2. The autonomous vehicle did well at a roundabout
Before the trial we had some reservations about an AV’s ability to handle roundabouts. However, in the trial we took part in, the AV did really well.
Roundabouts with multiple lanes can be very challenging even for humans because you have a lot of activity going on at the same time and there is a lot of information to process.
The need to look ahead, indicate, turn the wheel, and look for blind spots makes things tricky, but an AV has an advantage here as it can manage the multiple inputs from 360 degree cameras all at once. This is likely to be enhanced when several AVs are on a roundabout and can communicate in ways humans cannot.
Of course on a road network where there are only AVs then there may be no need for roundabouts or traffic lights at all.
One of the fleet of six Ford Mondeos used in the public trials
3. No autonomous parking demo
We believe that autonomous parking has more value than many other autonomous driving activities for private cars.

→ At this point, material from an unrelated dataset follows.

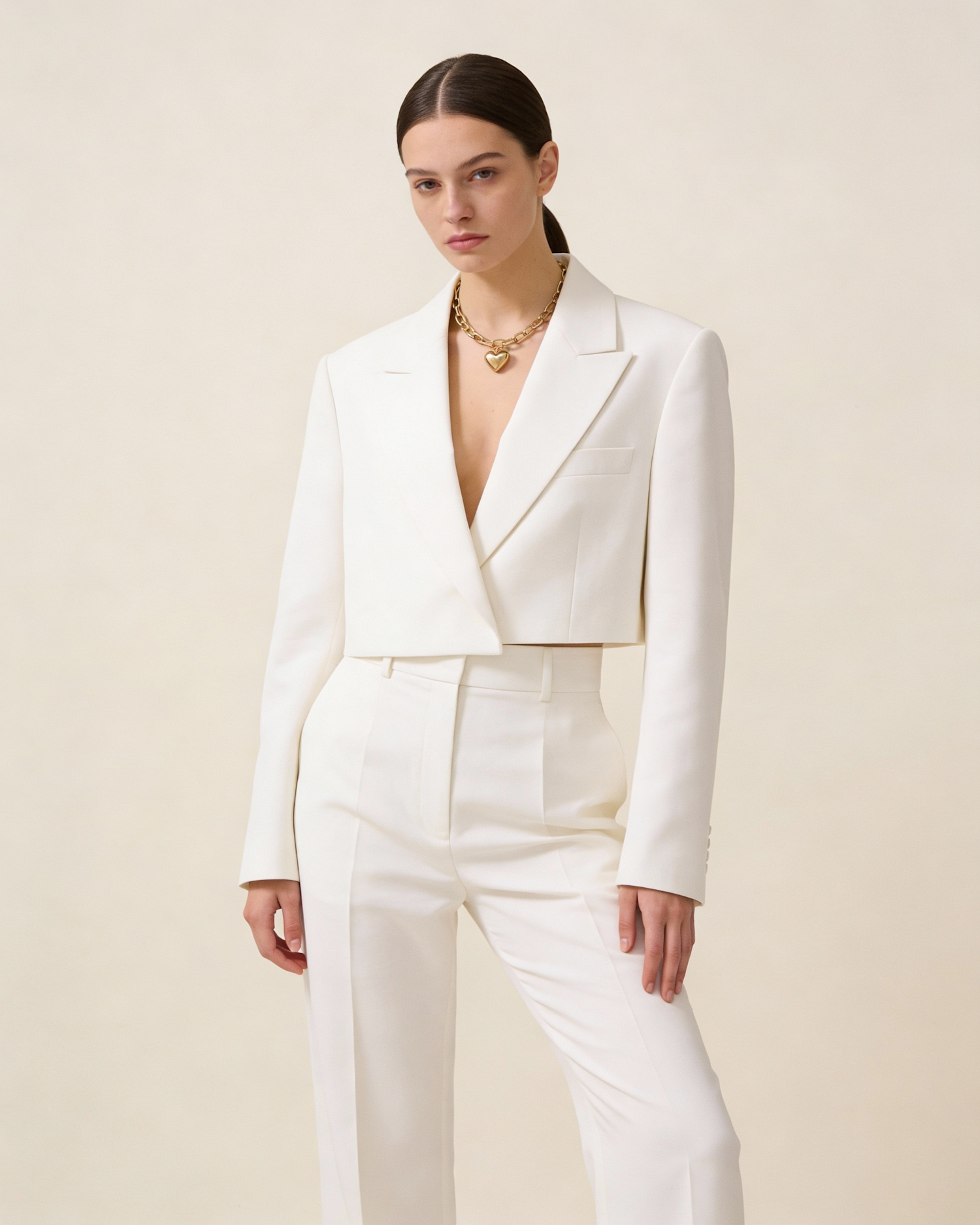 A woman in a white tailored suit with a gold necklace poses against a neutral background, showcasing minimalist elegance.

Imagine driving to your destination’s front door and then leaving the car to find somewhere to park itself. This would save you time, reduce the need to carry heavy luggage or shopping, and may improve parking availability as AVs can park closer together in specialised car parks.
I would spend days and weeks watching an AV parking trial if one ever became public! Sadly, we were not able to experience this in our trial.
Autonomous parking that is linked to electric vehicle charging is also an important area that we feel needs to be explored. In fact, AVs might make the EV’s charging infrastructure easier to build and manage.
4. Jerky braking
One thing we noticed in the trial was the slight overbraking by the AV. There wasn’t excessive “slammin’ on the brakes”, but there was a tendency to slightly overbrake in situations where a human driver may have taken their foot off the accelerator a little earlier.
This topic fascinates us because you can start to delve into how the AV is making decisions. There is also an obvious trade off because city driving is a dog-eat-dog affair. A perfectly designed AV trip would have smooth acceleration and deceleration using predicted traffic flows but this would tend to leave a larger gap behind the car in front, leaving enough space for a human driver to nip into. As a consequence, the AV needs to brake later and harder.
We have had lots of internal discussions about the needs for AVs to have a scale of aggression. At times they would need to dominate – for example over other AVs at roundabouts – and at others they need to find a way to hesitate (foot off the accelerator) and cede (politely let other cars out).
5. Autonomous mileage safety is a false comparison
We have stated that the trials are very safe and this explains why the autonomous vehicle road miles are significantly safer than human driven miles. To us this is now obvious: you have software on known routes, safety drivers on known routes, and a support car on known routes. For an accident to happen you need all these safety features to fail.
As a consequence, it is not possible to state that autonomous vehicles are much safer than human drivers because they are not driving autonomously. They are in trial conditions that will never test the autonomous vehicle’s safety.
For an autonomous vehicle to have a place on our roads, we would need them to be “as safe” as humans. But this comparison needs to be done “with no human intervention” as human drivers will not pay attention in the safe way as a set of safety drivers.
Note the white safety car behind to prevent other vehicles getting to close to the AV
An obvious example is the safety car following the AV: the AV won’t get rear-ended because there is a professional driver in the following safety car. This has other fascinating corollaries because other research indicates that a string of AVs create very unstable traffic conditions – perhaps all linked to the jerky braking mentioned above.